◆ Data extract:
- - - -
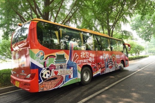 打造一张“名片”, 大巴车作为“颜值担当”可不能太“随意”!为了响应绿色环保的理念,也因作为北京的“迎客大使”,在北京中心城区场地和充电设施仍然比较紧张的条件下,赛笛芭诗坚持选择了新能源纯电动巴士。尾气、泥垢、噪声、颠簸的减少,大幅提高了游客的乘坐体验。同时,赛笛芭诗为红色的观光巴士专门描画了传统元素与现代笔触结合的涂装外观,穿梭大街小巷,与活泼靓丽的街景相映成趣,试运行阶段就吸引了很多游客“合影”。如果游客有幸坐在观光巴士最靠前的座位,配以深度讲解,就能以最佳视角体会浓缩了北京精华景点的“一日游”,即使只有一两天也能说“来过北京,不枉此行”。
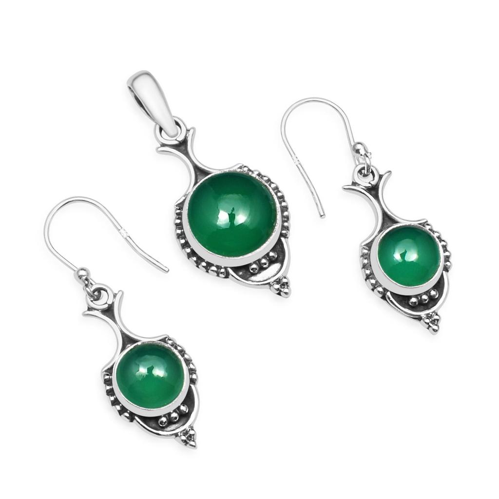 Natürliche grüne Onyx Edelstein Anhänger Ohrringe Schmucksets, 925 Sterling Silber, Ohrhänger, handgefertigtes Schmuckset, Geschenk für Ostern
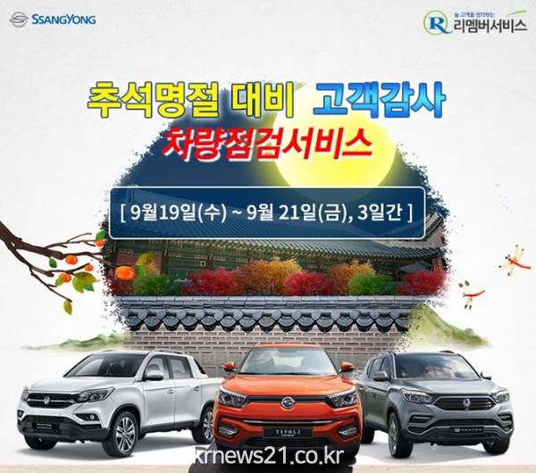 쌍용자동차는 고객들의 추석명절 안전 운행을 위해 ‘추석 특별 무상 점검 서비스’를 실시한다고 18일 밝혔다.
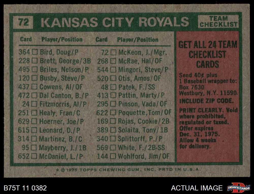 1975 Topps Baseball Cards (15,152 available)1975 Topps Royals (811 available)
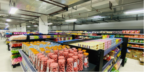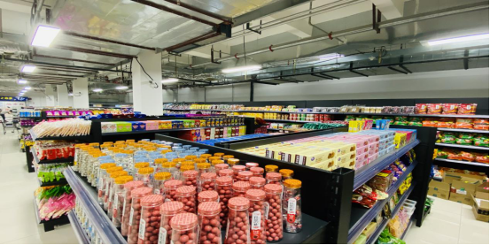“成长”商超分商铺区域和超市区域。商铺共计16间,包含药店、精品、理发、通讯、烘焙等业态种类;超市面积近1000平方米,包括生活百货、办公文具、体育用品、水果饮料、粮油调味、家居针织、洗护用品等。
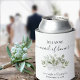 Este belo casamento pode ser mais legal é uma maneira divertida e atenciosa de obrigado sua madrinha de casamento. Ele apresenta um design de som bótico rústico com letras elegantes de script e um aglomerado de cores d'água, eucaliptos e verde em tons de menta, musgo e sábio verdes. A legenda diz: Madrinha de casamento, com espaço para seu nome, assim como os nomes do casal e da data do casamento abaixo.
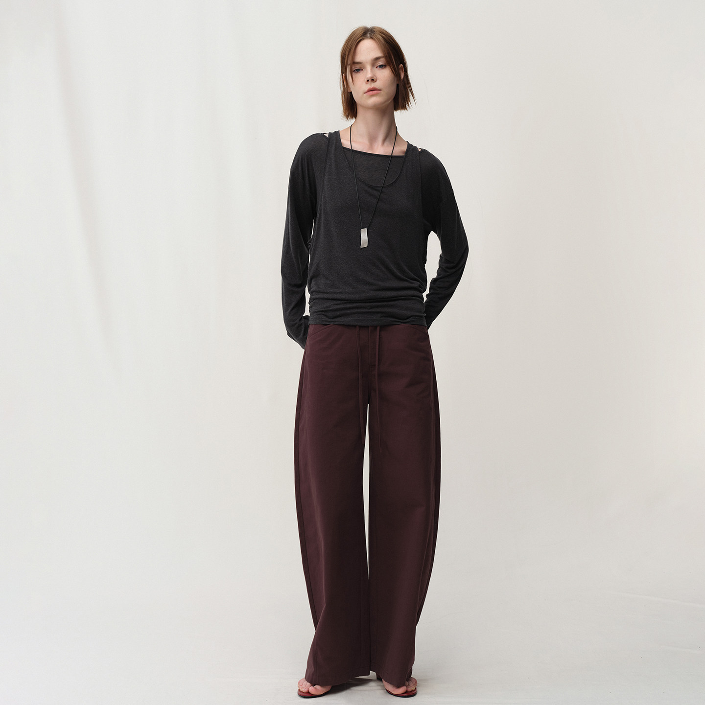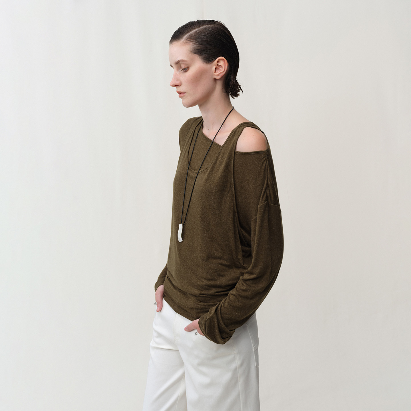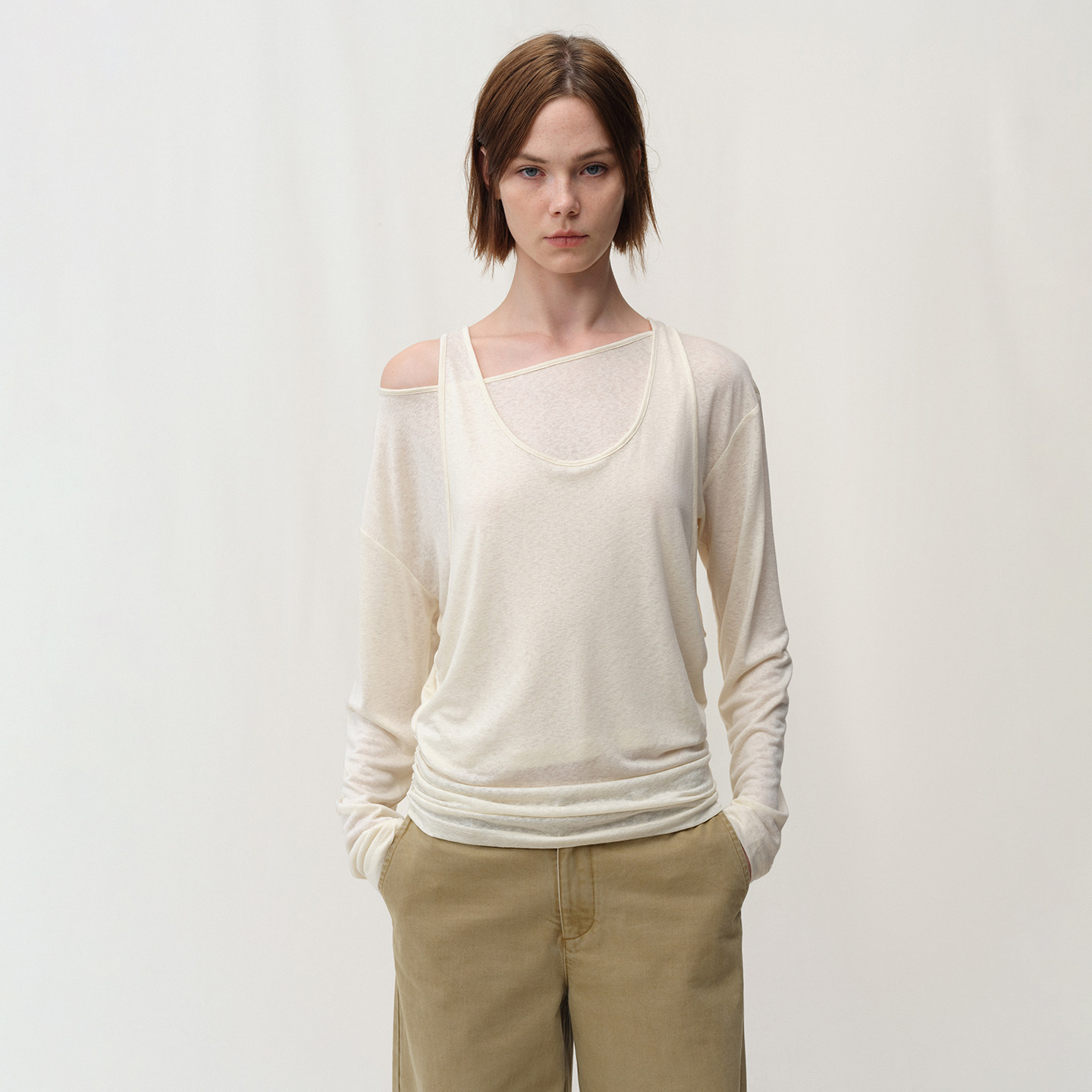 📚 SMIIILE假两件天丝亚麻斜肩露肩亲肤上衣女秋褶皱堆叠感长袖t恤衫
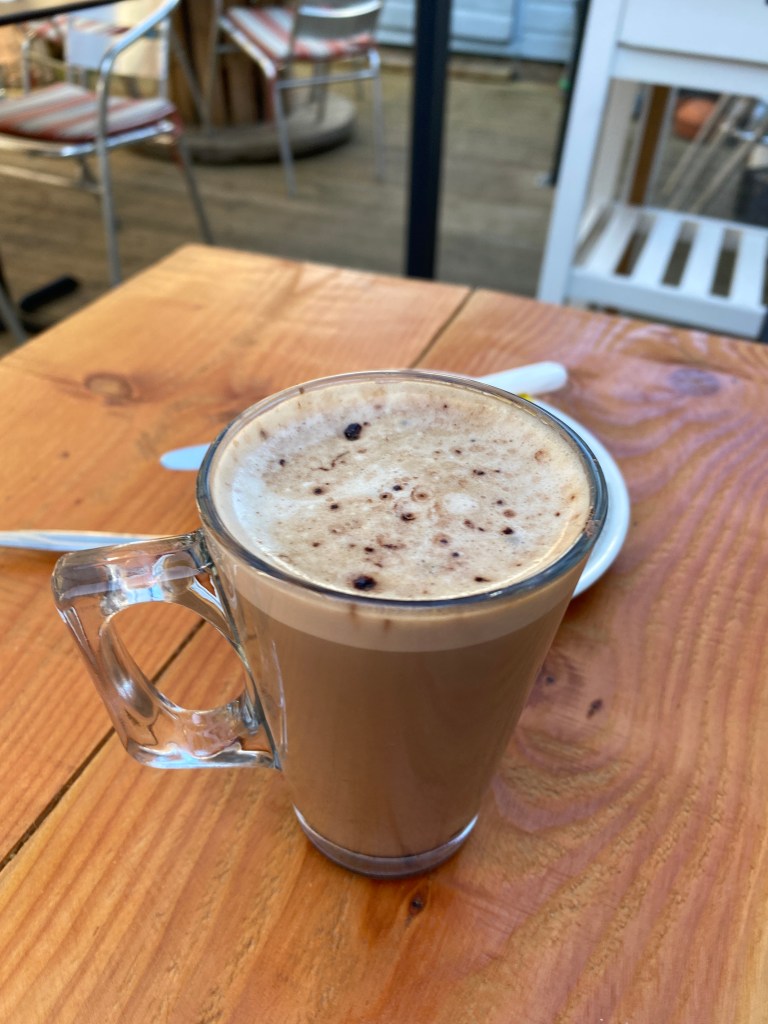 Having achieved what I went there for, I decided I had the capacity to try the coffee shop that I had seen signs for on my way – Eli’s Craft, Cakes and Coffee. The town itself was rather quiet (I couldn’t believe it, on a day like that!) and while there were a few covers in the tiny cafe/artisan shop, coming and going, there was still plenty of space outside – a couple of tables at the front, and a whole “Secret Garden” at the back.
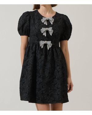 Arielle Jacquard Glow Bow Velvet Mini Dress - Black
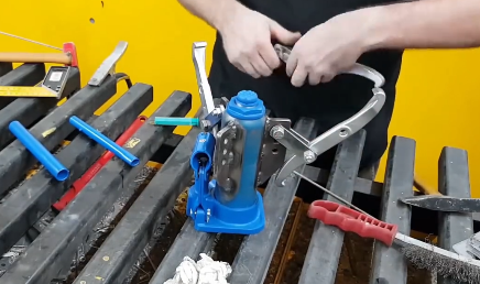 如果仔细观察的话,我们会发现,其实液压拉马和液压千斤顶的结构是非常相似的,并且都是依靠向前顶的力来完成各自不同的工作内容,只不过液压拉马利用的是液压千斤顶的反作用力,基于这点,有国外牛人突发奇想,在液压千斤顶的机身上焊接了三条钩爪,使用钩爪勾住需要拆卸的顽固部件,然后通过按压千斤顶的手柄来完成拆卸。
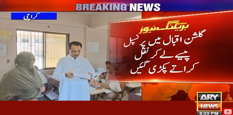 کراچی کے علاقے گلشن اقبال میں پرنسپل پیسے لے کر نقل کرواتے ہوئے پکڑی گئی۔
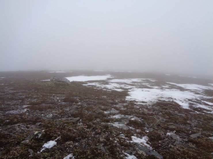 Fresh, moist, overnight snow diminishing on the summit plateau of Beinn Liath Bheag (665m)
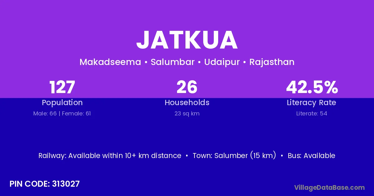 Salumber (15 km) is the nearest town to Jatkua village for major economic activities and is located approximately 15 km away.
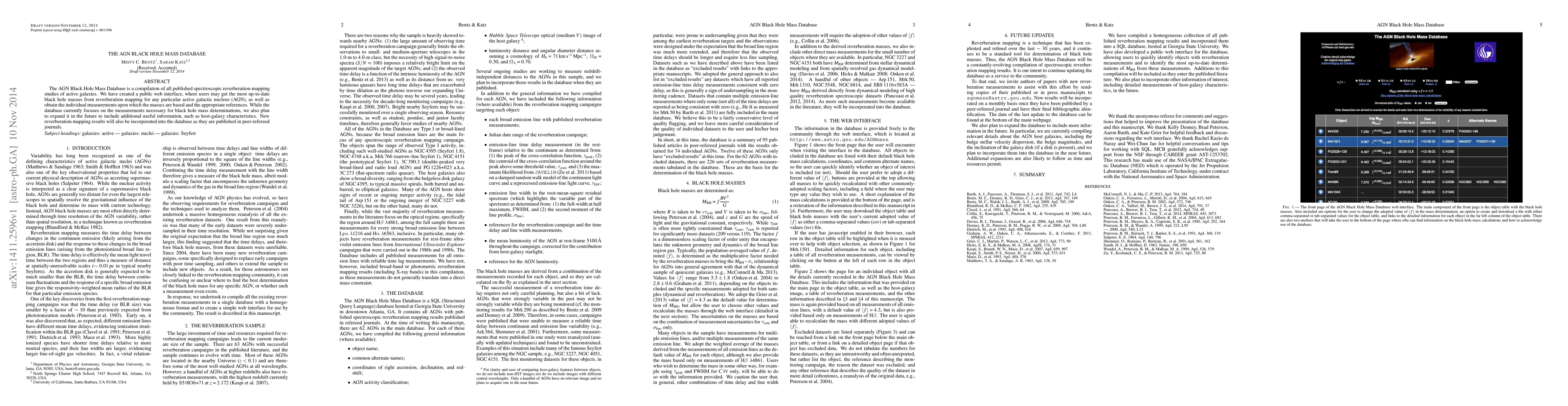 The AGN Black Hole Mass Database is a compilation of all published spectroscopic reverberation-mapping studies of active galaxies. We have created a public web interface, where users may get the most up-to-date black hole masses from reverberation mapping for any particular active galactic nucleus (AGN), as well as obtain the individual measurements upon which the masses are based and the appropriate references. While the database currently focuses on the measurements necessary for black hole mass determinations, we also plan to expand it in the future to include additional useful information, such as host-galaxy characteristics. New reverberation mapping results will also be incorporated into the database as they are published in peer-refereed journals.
- - - -
◆ Work order: Beginning at the line above that contains "Natürliche grüne Onyx" and going on through the line that contains "Salumber (15 km)", please copy every line exactly, leaving the pictures out and adding nothing.

◆ Answer space:
 Natürliche grüne Onyx Edelstein Anhänger Ohrringe Schmucksets, 925 Sterling Silber, Ohrhänger, handgefertigtes Schmuckset, Geschenk für Ostern
 쌍용자동차는 고객들의 추석명절 안전 운행을 위해 ‘추석 특별 무상 점검 서비스’를 실시한다고 18일 밝혔다.
 1975 Topps Baseball Cards (15,152 available)1975 Topps Royals (811 available)
“成长”商超分商铺区域和超市区域。商铺共计16间,包含药店、精品、理发、通讯、烘焙等业态种类;超市面积近1000平方米,包括生活百货、办公文具、体育用品、水果饮料、粮油调味、家居针织、洗护用品等。
 Este belo casamento pode ser mais legal é uma maneira divertida e atenciosa de obrigado sua madrinha de casamento. Ele apresenta um design de som bótico rústico com letras elegantes de script e um aglomerado de cores d'água, eucaliptos e verde em tons de menta, musgo e sábio verdes. A legenda diz: Madrinha de casamento, com espaço para seu nome, assim como os nomes do casal e da data do casamento abaixo.
 📚 SMIIILE假两件天丝亚麻斜肩露肩亲肤上衣女秋褶皱堆叠感长袖t恤衫
 Having achieved what I went there for, I decided I had the capacity to try the coffee shop that I had seen signs for on my way – Eli’s Craft, Cakes and Coffee. The town itself was rather quiet (I couldn’t believe it, on a day like that!) and while there were a few covers in the tiny cafe/artisan shop, coming and going, there was still plenty of space outside – a couple of tables at the front, and a whole “Secret Garden” at the back.
 Arielle Jacquard Glow Bow Velvet Mini Dress - Black
 如果仔细观察的话,我们会发现,其实液压拉马和液压千斤顶的结构是非常相似的,并且都是依靠向前顶的力来完成各自不同的工作内容,只不过液压拉马利用的是液压千斤顶的反作用力,基于这点,有国外牛人突发奇想,在液压千斤顶的机身上焊接了三条钩爪,使用钩爪勾住需要拆卸的顽固部件,然后通过按压千斤顶的手柄来完成拆卸。
 کراچی کے علاقے گلشن اقبال میں پرنسپل پیسے لے کر نقل کرواتے ہوئے پکڑی گئی۔
 Fresh, moist, overnight snow diminishing on the summit plateau of Beinn Liath Bheag (665m)
 Salumber (15 km) is the nearest town to Jatkua village for major economic activities and is located approximately 15 km away.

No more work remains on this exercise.